• **WORK REQUEST**
Each line of the data below from the one holding "Coffee in Garden" to the one holding "Flint Tønsberg tok", inclusive, is to be reproduced exactly; no other line belongs in the answer.

• **SUPPLIED MATERIAL**
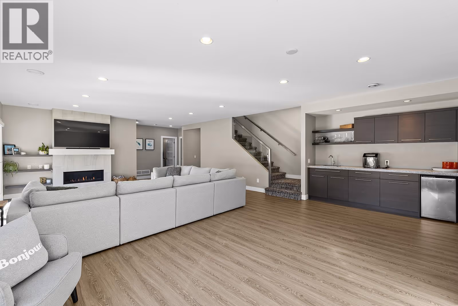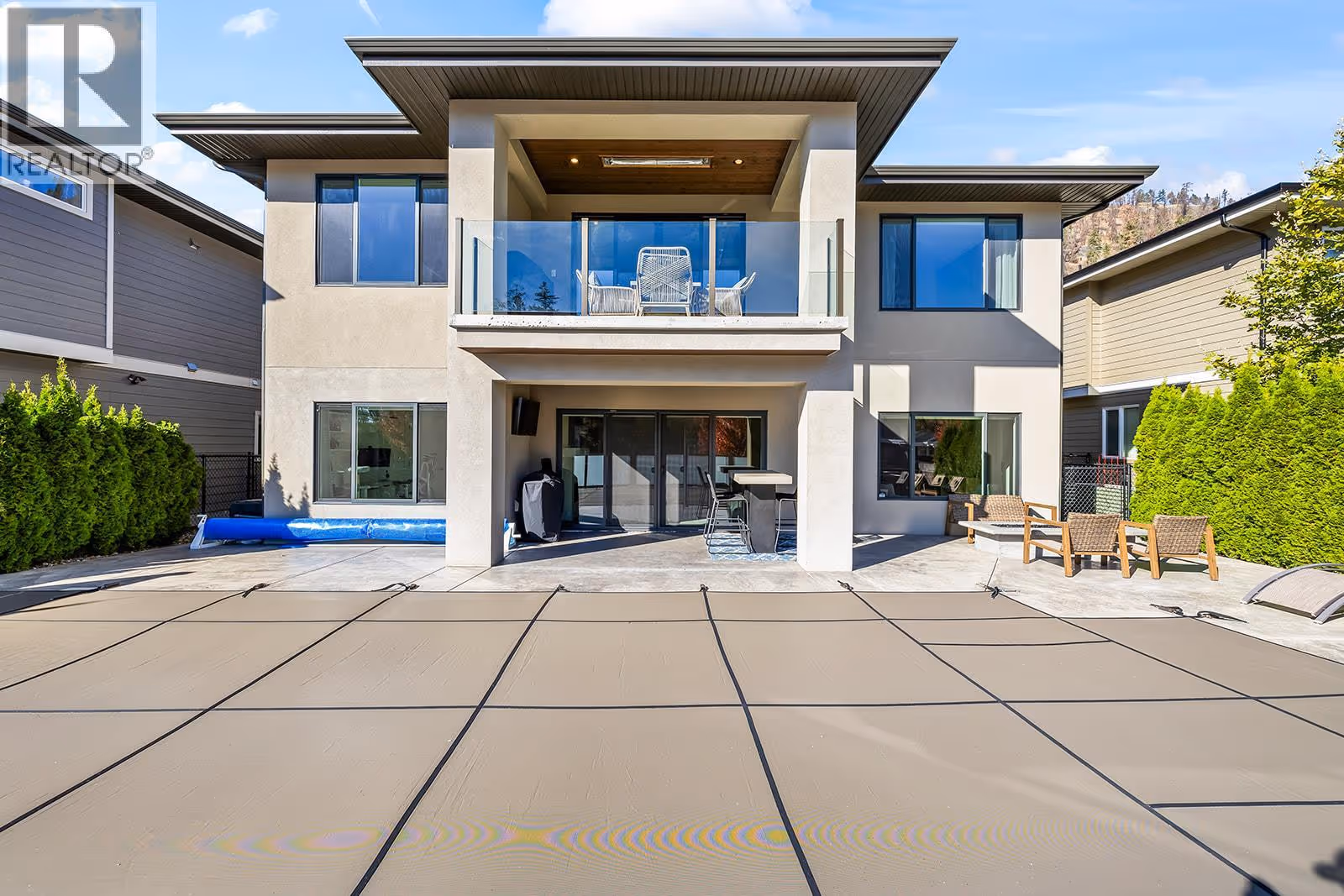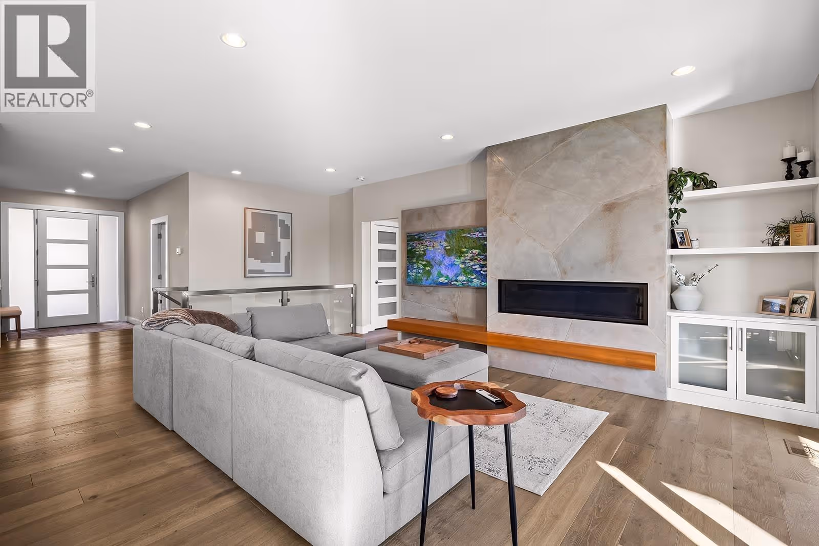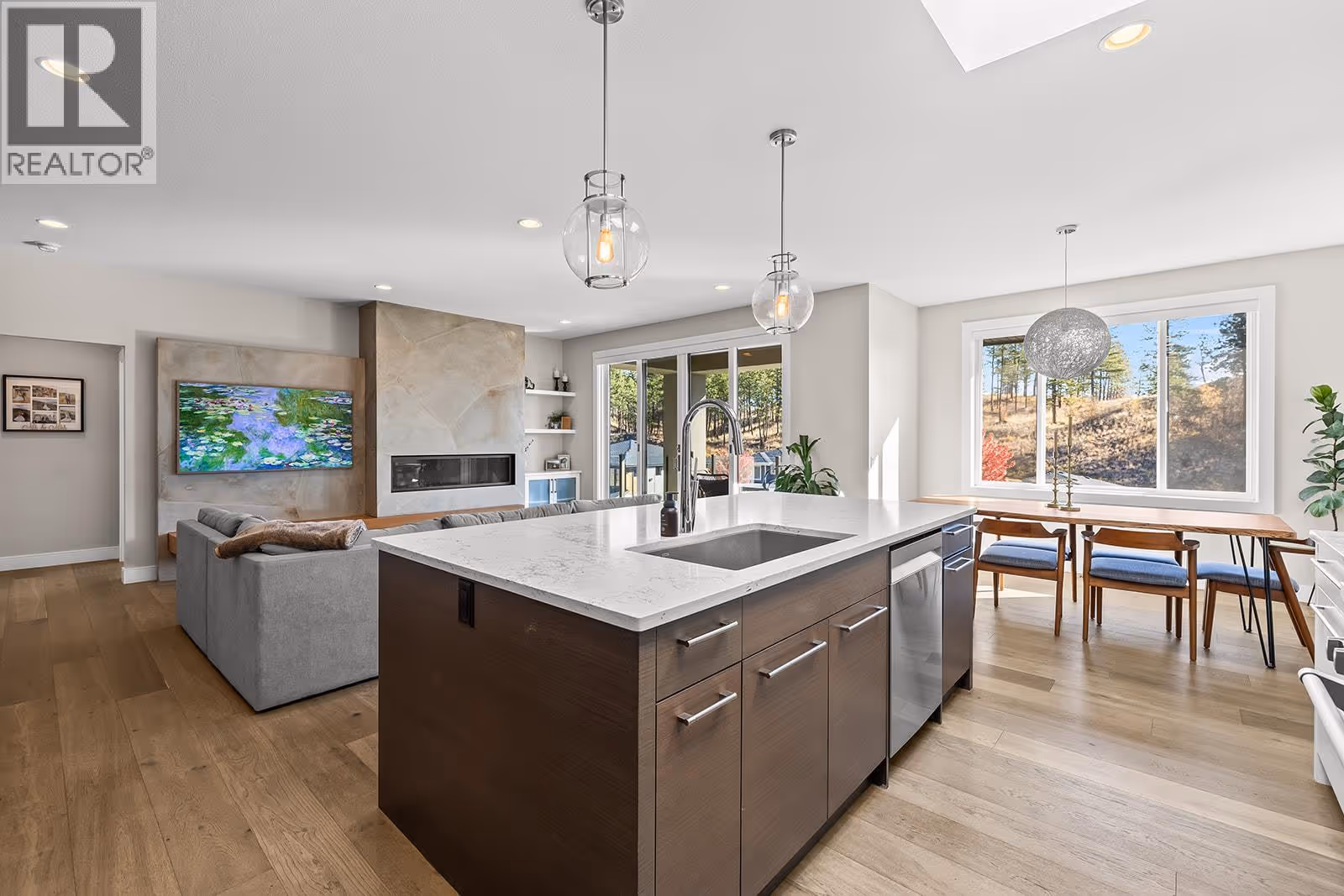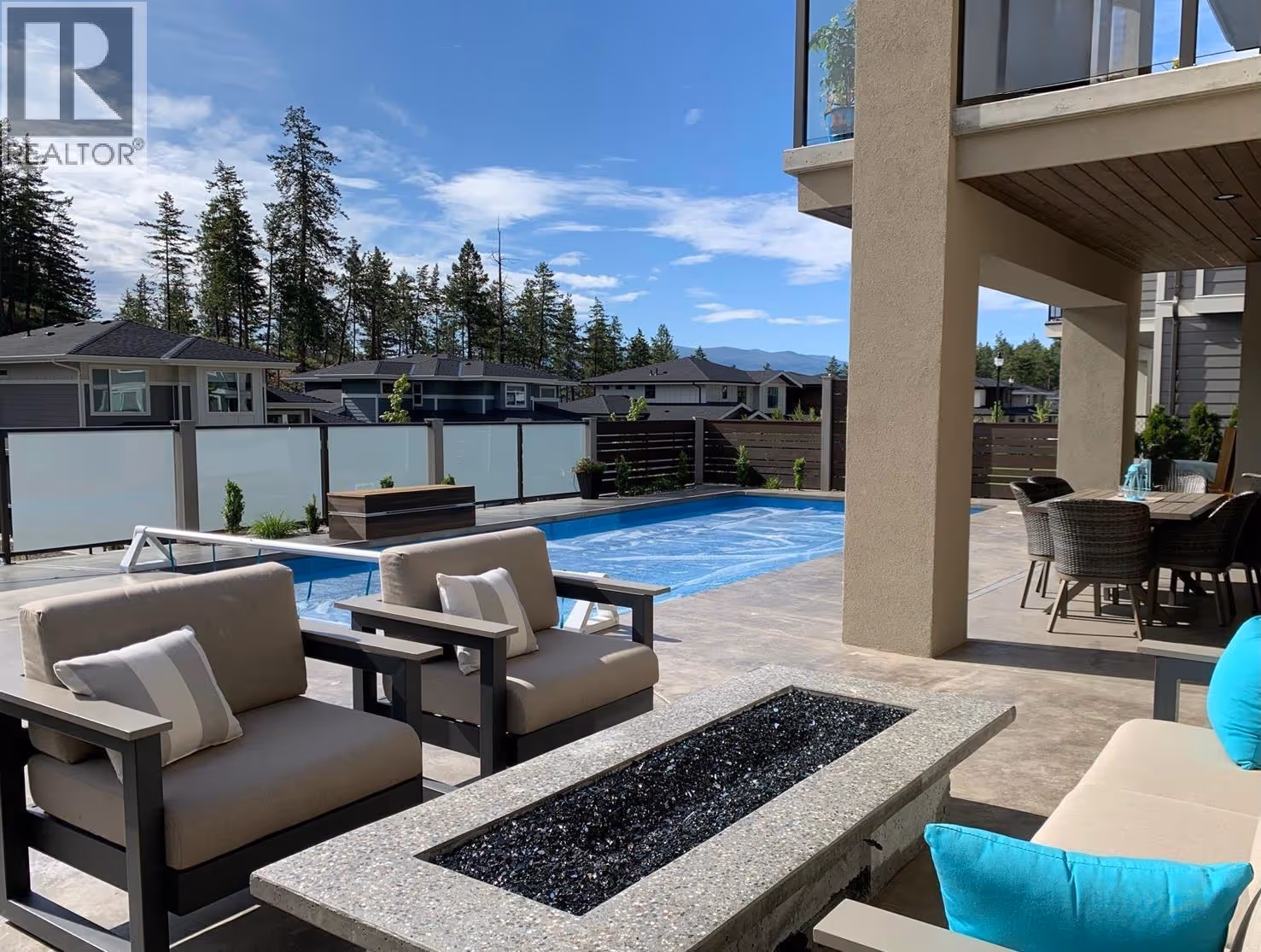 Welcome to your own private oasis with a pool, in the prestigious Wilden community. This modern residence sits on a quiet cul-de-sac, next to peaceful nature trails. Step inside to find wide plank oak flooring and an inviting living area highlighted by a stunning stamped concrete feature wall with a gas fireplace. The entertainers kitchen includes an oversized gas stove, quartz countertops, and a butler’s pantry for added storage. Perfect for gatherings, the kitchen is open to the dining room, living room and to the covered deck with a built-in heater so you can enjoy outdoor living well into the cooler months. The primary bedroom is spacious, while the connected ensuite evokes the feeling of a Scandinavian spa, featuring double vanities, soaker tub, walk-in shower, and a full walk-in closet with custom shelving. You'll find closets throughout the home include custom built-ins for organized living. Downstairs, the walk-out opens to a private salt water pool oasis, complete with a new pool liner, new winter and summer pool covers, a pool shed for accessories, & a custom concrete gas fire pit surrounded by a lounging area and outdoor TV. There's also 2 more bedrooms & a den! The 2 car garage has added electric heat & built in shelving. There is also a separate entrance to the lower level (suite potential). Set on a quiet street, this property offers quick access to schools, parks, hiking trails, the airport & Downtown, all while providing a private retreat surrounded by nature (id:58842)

...

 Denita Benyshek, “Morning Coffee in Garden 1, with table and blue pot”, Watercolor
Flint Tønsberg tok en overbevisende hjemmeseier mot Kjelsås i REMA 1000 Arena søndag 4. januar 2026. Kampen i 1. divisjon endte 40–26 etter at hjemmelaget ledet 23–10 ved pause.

==

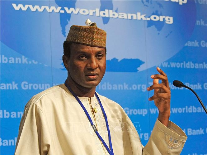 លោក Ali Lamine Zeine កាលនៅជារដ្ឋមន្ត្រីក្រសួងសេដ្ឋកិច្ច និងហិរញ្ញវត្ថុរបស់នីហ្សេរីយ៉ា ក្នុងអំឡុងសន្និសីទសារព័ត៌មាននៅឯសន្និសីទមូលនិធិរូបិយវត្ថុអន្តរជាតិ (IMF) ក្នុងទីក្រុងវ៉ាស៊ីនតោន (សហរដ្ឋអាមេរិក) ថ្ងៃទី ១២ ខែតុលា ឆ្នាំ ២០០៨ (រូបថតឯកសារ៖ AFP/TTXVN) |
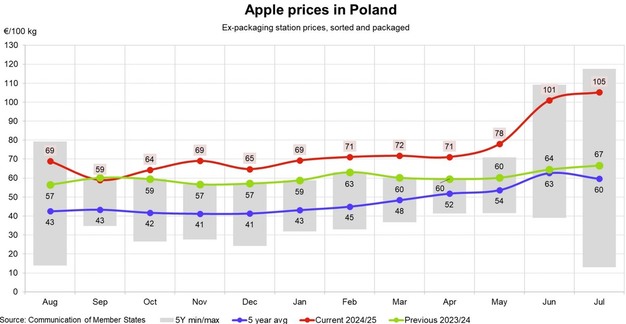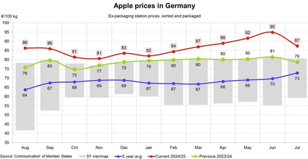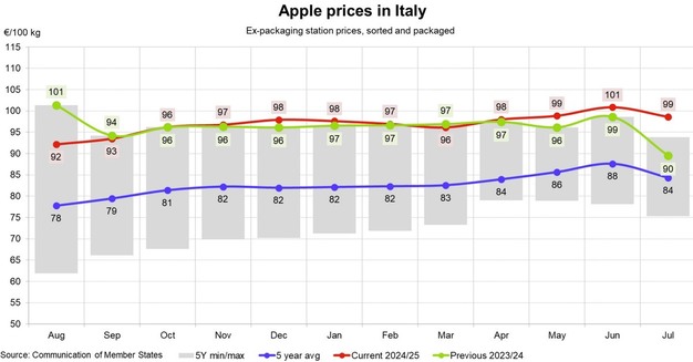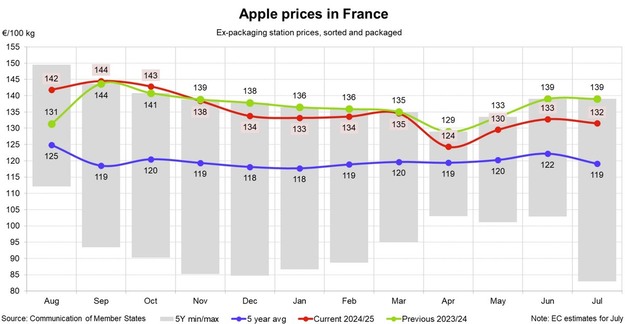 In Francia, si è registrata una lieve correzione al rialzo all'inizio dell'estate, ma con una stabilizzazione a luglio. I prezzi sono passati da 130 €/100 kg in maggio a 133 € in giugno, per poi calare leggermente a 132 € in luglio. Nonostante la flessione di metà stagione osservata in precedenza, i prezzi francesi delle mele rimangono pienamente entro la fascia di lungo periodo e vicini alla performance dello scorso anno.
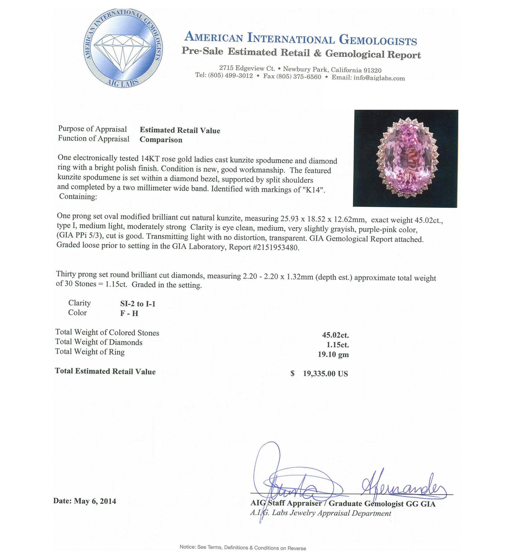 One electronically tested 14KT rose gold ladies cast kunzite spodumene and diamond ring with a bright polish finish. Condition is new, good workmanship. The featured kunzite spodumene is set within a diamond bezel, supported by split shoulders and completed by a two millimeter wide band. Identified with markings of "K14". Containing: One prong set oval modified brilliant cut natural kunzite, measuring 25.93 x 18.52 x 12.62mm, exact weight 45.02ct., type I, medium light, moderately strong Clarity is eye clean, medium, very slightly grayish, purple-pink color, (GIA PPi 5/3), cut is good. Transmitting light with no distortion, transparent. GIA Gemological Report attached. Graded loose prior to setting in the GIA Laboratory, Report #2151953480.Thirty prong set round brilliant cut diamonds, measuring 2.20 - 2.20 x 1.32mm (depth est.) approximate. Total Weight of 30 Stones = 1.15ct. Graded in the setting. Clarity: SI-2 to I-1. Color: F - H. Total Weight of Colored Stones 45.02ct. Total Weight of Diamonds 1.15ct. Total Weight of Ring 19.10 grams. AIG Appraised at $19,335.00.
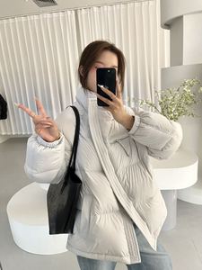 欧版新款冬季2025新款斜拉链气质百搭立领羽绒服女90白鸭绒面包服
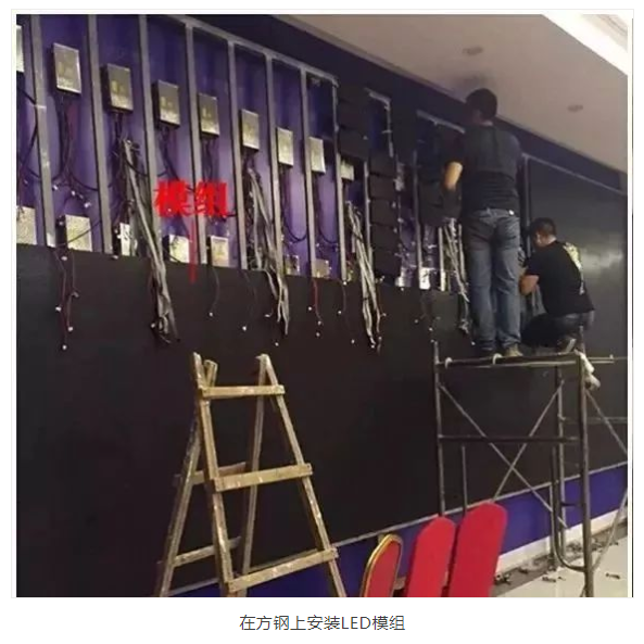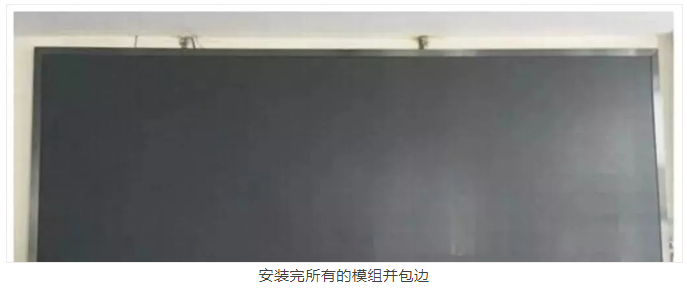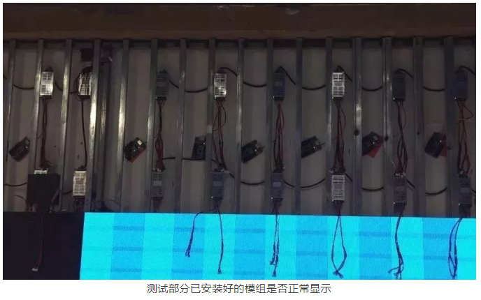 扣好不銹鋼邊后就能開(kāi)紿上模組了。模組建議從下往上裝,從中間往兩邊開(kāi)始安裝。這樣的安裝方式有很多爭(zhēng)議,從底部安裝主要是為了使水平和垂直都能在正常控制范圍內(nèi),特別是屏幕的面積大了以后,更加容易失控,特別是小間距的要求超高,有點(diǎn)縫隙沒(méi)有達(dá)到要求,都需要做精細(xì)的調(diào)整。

• **REPLY**
 Denita Benyshek, “Morning Coffee in Garden 1, with table and blue pot”, Watercolor
Flint Tønsberg tok en overbevisende hjemmeseier mot Kjelsås i REMA 1000 Arena søndag 4. januar 2026. Kampen i 1. divisjon endte 40–26 etter at hjemmelaget ledet 23–10 ved pause.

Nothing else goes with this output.